* **PROVIDED MATERIAL**

━━━━━━

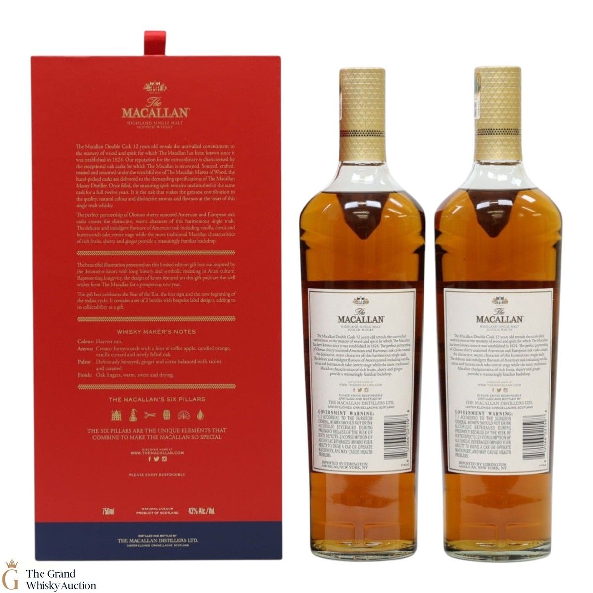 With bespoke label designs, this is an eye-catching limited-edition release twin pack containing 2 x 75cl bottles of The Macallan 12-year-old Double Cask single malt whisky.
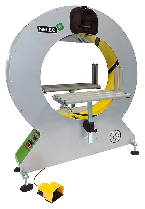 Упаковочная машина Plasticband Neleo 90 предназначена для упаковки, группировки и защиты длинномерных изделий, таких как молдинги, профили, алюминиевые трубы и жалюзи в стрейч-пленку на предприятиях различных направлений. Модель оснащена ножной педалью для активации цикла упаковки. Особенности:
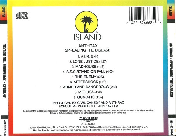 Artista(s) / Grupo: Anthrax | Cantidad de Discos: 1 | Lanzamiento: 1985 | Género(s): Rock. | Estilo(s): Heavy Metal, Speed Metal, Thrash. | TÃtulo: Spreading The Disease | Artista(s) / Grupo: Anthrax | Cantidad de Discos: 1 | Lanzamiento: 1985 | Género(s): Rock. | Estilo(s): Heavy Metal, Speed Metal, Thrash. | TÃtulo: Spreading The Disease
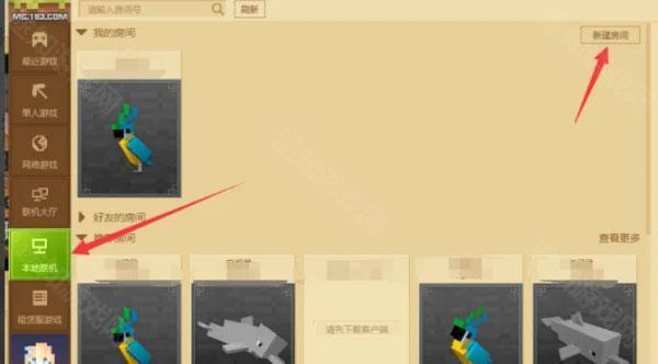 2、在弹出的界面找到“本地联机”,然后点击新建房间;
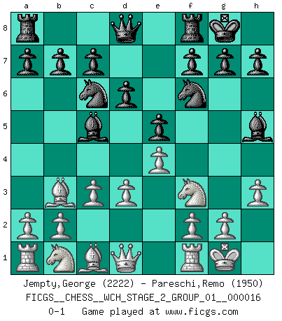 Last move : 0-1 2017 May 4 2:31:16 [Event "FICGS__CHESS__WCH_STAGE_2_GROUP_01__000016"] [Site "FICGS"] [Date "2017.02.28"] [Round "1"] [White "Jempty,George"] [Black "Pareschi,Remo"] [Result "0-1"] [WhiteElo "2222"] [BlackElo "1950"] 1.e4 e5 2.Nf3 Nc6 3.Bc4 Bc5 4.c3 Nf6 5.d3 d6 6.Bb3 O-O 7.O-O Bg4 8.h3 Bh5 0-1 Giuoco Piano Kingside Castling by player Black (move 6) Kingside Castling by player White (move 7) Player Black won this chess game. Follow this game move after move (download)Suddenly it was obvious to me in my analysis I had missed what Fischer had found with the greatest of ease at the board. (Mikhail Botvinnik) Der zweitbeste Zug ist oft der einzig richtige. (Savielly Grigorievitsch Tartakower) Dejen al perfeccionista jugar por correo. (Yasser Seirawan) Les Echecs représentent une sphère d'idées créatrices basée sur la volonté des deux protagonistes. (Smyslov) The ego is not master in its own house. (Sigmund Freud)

━━━━━━

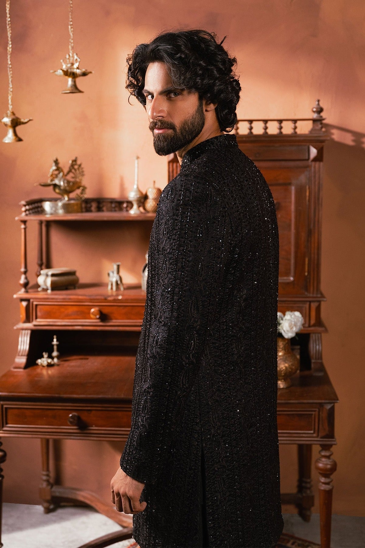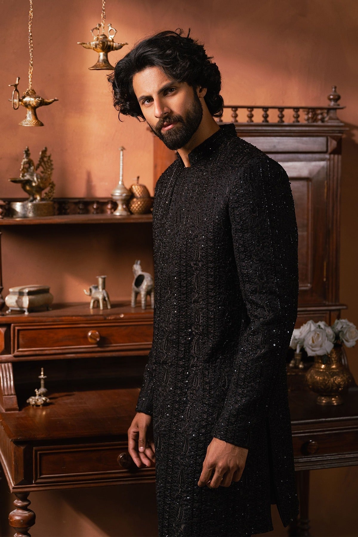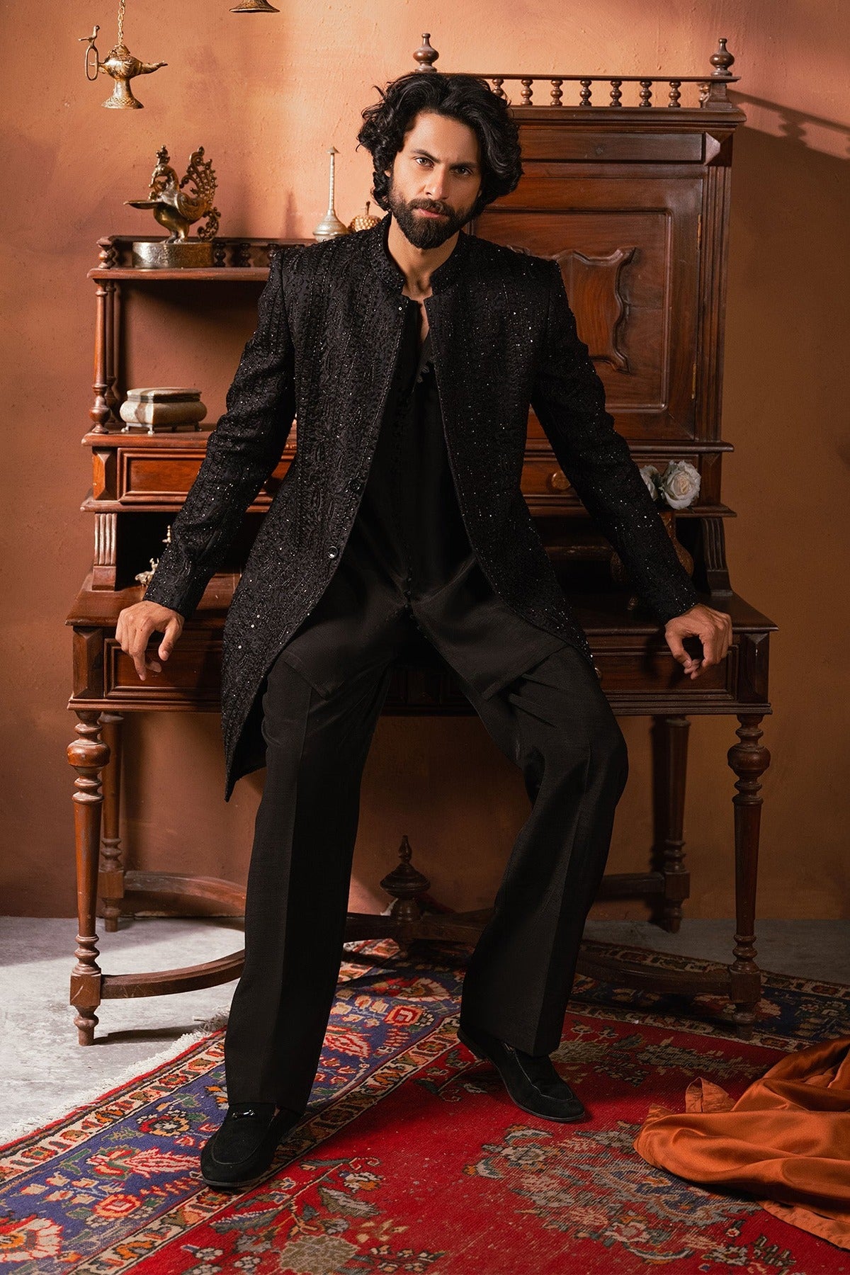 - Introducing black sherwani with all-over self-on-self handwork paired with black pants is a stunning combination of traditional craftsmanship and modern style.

━━━━━━

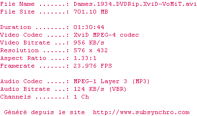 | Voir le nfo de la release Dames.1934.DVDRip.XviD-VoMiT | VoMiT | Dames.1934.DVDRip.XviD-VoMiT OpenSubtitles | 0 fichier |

━━━━━━

* **YOUR GOAL**
Leaving pictures out, output the lines of the data above from the one with "With bespoke label" through the one with "Упаковочная машина Plasticband", word for word.

* **ANSWER BOX**
 With bespoke label designs, this is an eye-catching limited-edition release twin pack containing 2 x 75cl bottles of The Macallan 12-year-old Double Cask single malt whisky.
 Упаковочная машина Plasticband Neleo 90 предназначена для упаковки, группировки и защиты длинномерных изделий, таких как молдинги, профили, алюминиевые трубы и жалюзи в стрейч-пленку на предприятиях различных направлений. Модель оснащена ножной педалью для активации цикла упаковки. Особенности:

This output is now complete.